Archive for the ‘Cranks and BBs’ Category
Follow on – Knee Savers/Pedal Extenders
Crank clearance with pedal Extenders
Follow on to Knee Savers First Impressions
I have been riding a few months now with Knee Savers and Shorter Cranks and have to say that the results have so far been all positive.
The Knee Savers/Pedal Extenders keep my feet from rubbing the crank arms and give me more ways to position my feet while riding. They also allow a lot more toe out which I seem to need for my right foot.
Follow up – Short Cranks
This is a follow on from Short Cranks First Impressions.

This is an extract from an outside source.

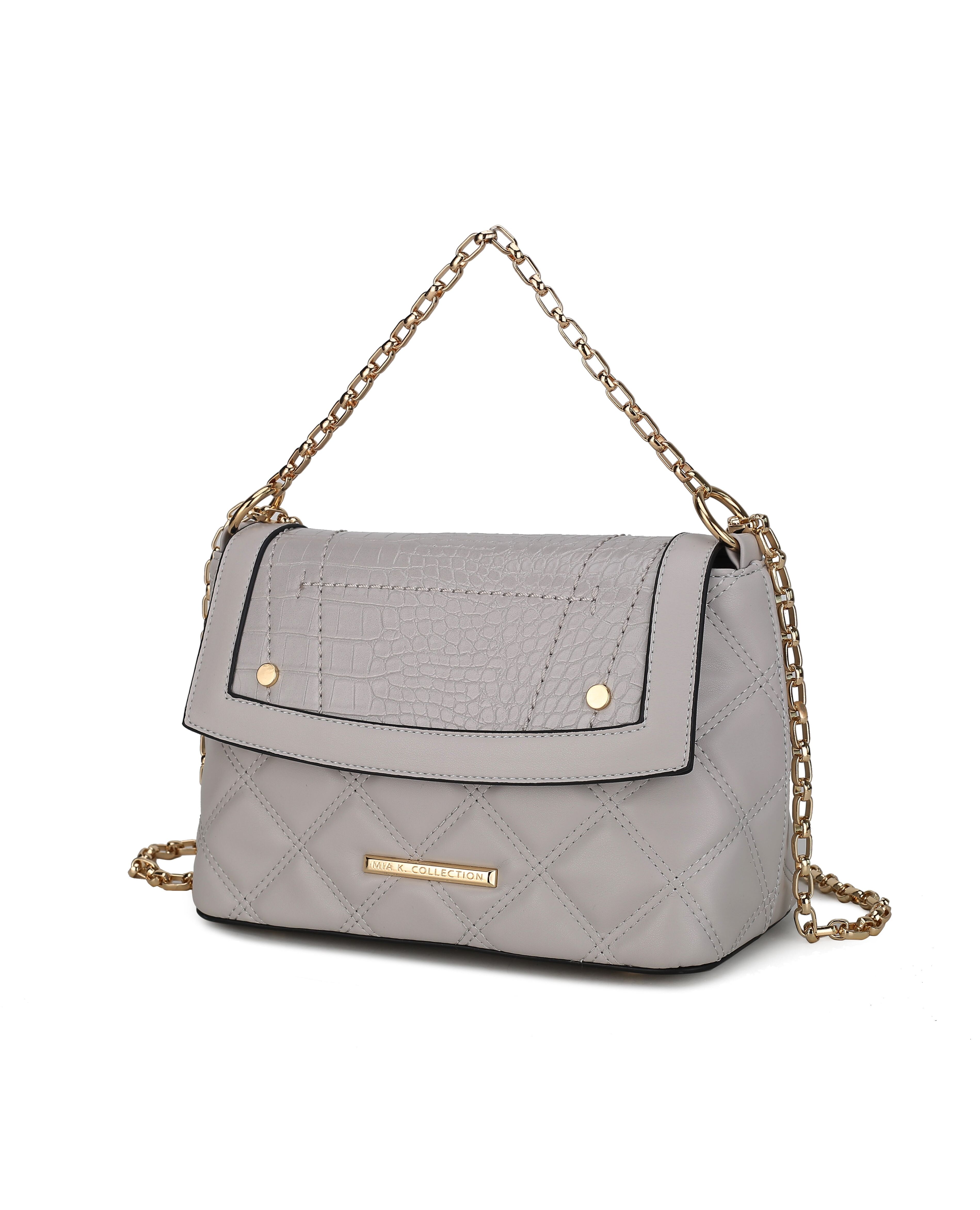 Meet Danna Shoulder Bag - a classic, versatile, and elegant bag. Crafted from luxe smooth vegan leather and matched with faux crocodile embossed, this handbag features a quilted pattern and gold-tone hardware for tactile glamour. With a magnetic snap fastening, opens it to reveal spacious interior with a wall zip pocket and a slip pocket. The exterior features a convenient back zip pocket. We made this bag convertible, so you can wear it as a shoulder bag or crossbody bag. It has a flat base and protective metal feet. The Danna Shoulder Bag comes with our plate emblem on it. You will love this sophisticated bag. POCKETS - Interior features a wall zip pocket and one slip pocket. Exterior features one zippered back pocket. Measurements: 10.25” W x 6.7” H x 5” D Handle Drop: 4.75” Strap: 13”-23”

Short cranks so far have turned out better than I expected. I wasn’t sure that there would be a noticeable effect. But I was wrong.
I expected the improved spin but also expected to lose some climbing Torque. My climbing torque seems to have improved and my spin is definitely better. I seem to be spinning faster and climbing hills easier with more kick as I get towards the top.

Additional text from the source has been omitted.